Is the Internet the new Colosseum?

Jeffrey Zaslow of the Wall Street Journal writes on just how pervasive the ‘net has become especially when it involves our personal lives. He also asks if the accessibility of a worldwide forum has made us more vicious in humiliating others thanks to how anonymous it can also make us, turning embarrassing photos into a sort of “blood sport”. Has it?

There’s a reason why people say that when it appears on the internet, it’s forever, especially if it’s been preserved on someone’s hard drive or appears on something like the Internet Wayback Machine.

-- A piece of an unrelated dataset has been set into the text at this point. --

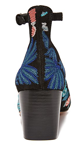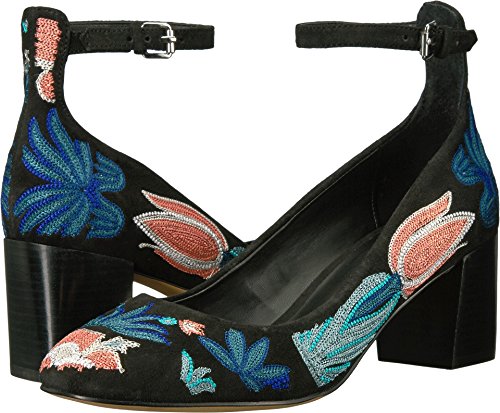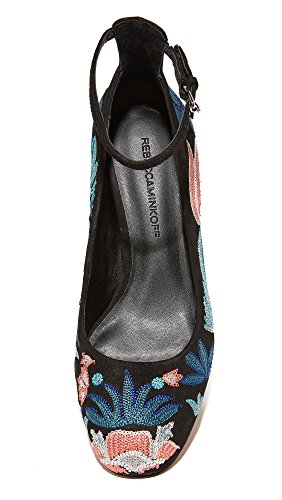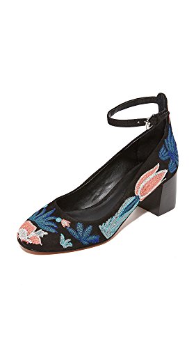Studio : Rebecca Minkoff Publisher : Rebecca Minkoff Binding : Apparel Product Description Bright, floral embroidery adds a charming touch to these suede Rebecca Minkoff pumps. Slim ankle strap with polished buckle closure. Stacked block heel. Man made sole. 0

Phone cameras, blogs, Facebook, Myspace, Google, and a whole host of social tools have created a privacy nightmare. I would be pretty amazed, and depressed, at how many people would tell me how cavalier they were when it came to how much personal information they had posted on the ‘net. Today’s family picture can easily become tomorrow’s viral sensation with a few cosmetic changes.

And with more prospective employers looking at social networks to gauge potential employees, taking care in how you treat your life online is becoming increasingly important when you step away from the usual anonymity that the ‘net allows.

It’s certainly come a long way from having to use Notepad to hash out HTML thanks to easy-to-use tools provided by sites such as Facebook or Youtube allowing anyone to become their own star on the ‘net for better or worse. Yay! I’m famous!

Or is that infamous? That’s entirely up to you.